Employer Contribution True-ups

A common question we get when calculating Employer contributions is what is a true-up? A true-up is anytime a Plan Sponsor might have a contribution (most commonly a match but we’ve seen non-elective, too), that is calculated and deposited throughout the year (usually on a payroll basis) but the Plan Sponsor wants to look at a potential Annual basis instead (the true-up).

First, a Plan Sponsor should consult with their TPA regarding whether or not the Plan Document forces a true-up or not. Next, the TPA can determine the true-up. And last, the Plan Sponsor can decide if they want to fund the true-up (remember, Employer contributions can be deposited as a receivable in the following year as long as it is communicated to the CPA to include in the corporate tax return which could be as late, generally, as 9/15).

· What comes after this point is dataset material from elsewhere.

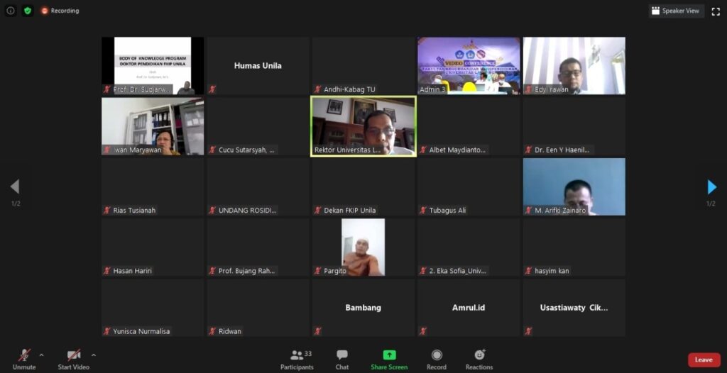 (Unila): Rektor Universitas Lampung (Unila) Prof. Karomani memberi sambutan pada kegiatan Pengenalan Sistem Akademik Program Doktor Pendidikan Fakultas Keguruan dan Ilmu Pendidikan (FKIP) Unila yang diselenggarakan secara daring, Rabu (14/10/2020).

A simple example involves one participant in a plan that allows contributions on all compensation and is a Safe Harbor match using the Enhanced formula (e.g., dollar-for-dollar on the first 4% of pay). This participant made $100,000 in gross compensation of which one payroll was $25,000 for a year-end bonus. The participant decided to contribute their full elective deferrals in the one payroll of the $22,500 and received their 4% of pay match on that payroll, $1,000 (=$25,000*.04). However, if the Plan Sponsor decided to true up on an annual basis, their $22,500 in deferrals was still in excess of 4% of pay (=22,500/100,000=22.5% annual deferral rate). As such, a gross match would be $4,000; the net would be $3,000 more to deposit on behalf of this participant.